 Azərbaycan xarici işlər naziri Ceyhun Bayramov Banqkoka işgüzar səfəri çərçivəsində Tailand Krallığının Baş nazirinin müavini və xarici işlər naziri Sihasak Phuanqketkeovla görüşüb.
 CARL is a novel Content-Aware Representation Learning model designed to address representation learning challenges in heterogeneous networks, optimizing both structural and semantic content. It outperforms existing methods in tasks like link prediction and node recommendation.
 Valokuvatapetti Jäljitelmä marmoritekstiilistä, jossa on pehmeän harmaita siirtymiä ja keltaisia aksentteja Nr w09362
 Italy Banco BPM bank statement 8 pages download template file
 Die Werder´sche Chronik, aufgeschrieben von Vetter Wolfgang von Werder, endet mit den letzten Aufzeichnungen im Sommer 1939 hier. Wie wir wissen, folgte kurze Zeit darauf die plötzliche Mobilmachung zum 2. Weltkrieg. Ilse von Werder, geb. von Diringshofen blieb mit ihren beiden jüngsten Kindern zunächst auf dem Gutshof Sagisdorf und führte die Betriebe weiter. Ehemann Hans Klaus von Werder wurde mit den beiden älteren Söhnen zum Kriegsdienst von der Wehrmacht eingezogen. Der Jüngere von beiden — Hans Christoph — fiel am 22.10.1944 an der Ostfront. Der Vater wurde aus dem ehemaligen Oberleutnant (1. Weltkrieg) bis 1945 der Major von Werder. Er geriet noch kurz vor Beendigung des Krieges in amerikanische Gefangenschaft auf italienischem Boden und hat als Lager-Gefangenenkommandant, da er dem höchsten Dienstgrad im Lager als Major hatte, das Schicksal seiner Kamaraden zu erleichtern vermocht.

--

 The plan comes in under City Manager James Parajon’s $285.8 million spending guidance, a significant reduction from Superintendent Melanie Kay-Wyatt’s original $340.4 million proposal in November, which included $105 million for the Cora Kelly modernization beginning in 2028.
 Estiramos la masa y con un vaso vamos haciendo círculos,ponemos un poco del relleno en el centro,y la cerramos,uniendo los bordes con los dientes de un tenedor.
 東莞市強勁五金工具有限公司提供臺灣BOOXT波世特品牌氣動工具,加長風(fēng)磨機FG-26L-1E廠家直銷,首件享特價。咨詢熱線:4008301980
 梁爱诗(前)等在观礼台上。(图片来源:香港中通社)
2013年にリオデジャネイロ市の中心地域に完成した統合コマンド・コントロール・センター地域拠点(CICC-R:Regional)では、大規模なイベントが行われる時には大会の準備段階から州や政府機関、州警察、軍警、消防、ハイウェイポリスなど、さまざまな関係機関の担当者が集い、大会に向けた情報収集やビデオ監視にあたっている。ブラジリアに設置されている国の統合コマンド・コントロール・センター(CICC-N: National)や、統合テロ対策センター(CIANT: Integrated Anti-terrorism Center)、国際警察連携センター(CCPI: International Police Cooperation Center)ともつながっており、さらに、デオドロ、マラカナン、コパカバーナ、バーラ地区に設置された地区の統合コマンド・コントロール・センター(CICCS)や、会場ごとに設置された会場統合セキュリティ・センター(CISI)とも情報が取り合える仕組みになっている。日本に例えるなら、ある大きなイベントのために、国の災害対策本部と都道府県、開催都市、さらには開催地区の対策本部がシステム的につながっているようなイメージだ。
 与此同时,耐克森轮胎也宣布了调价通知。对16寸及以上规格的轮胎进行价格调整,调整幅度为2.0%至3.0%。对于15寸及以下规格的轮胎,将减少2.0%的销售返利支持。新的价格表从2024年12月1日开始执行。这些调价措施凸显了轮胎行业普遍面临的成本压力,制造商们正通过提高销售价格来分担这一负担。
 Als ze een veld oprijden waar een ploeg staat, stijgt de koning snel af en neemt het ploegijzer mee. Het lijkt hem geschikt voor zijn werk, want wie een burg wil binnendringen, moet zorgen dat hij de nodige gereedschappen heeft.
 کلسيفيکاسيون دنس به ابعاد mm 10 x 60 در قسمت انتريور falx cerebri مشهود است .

--

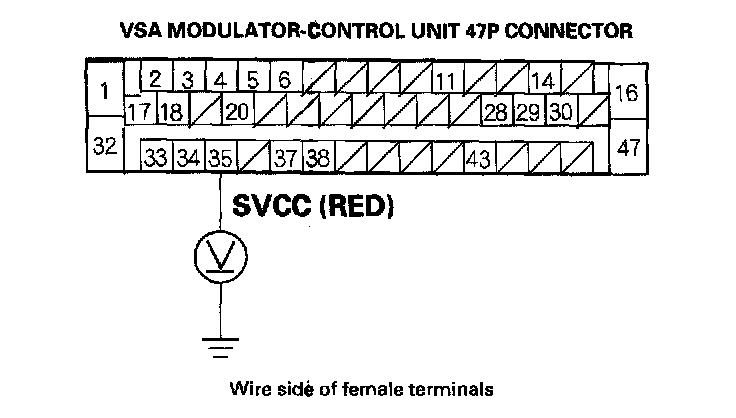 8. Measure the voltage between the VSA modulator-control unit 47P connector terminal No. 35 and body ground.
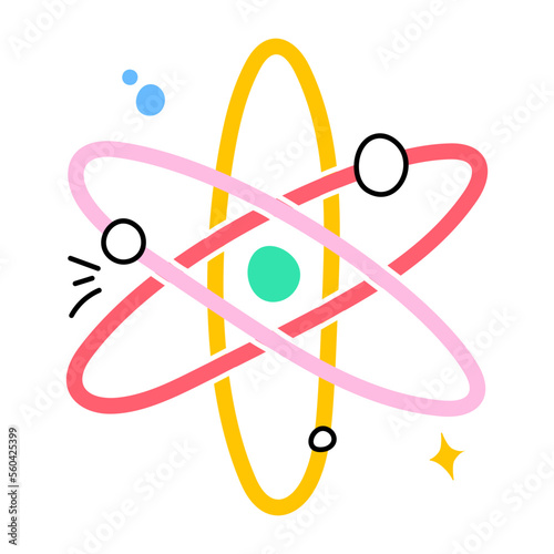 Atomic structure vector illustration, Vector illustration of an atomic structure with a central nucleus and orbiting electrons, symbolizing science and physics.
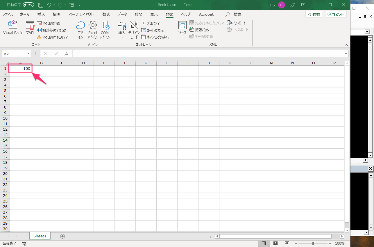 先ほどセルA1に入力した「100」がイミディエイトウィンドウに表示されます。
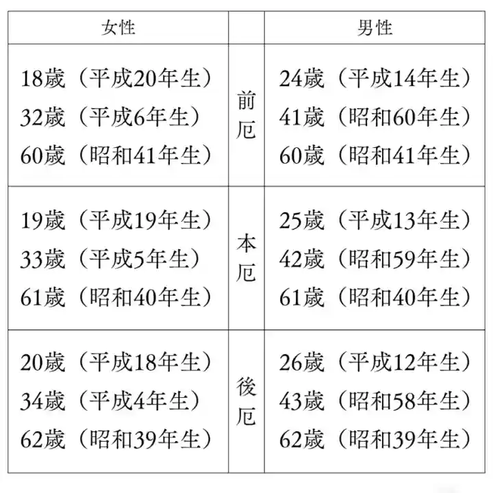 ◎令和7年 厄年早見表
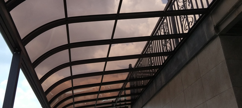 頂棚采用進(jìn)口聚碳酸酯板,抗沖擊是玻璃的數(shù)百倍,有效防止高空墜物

§ **YOUR GOAL**
What are the lines, exactly as written above, from the line with "The plan comes" to the line with "梁爱诗(前)等在观礼台上。(图片来源:香港中通社)", both included? Output only those.

§ **WORKED SOLUTION**
 The plan comes in under City Manager James Parajon’s $285.8 million spending guidance, a significant reduction from Superintendent Melanie Kay-Wyatt’s original $340.4 million proposal in November, which included $105 million for the Cora Kelly modernization beginning in 2028.
 Estiramos la masa y con un vaso vamos haciendo círculos,ponemos un poco del relleno en el centro,y la cerramos,uniendo los bordes con los dientes de un tenedor.
 東莞市強勁五金工具有限公司提供臺灣BOOXT波世特品牌氣動工具,加長風(fēng)磨機FG-26L-1E廠家直銷,首件享特價。咨詢熱線:4008301980
 梁爱诗(前)等在观礼台上。(图片来源:香港中通社)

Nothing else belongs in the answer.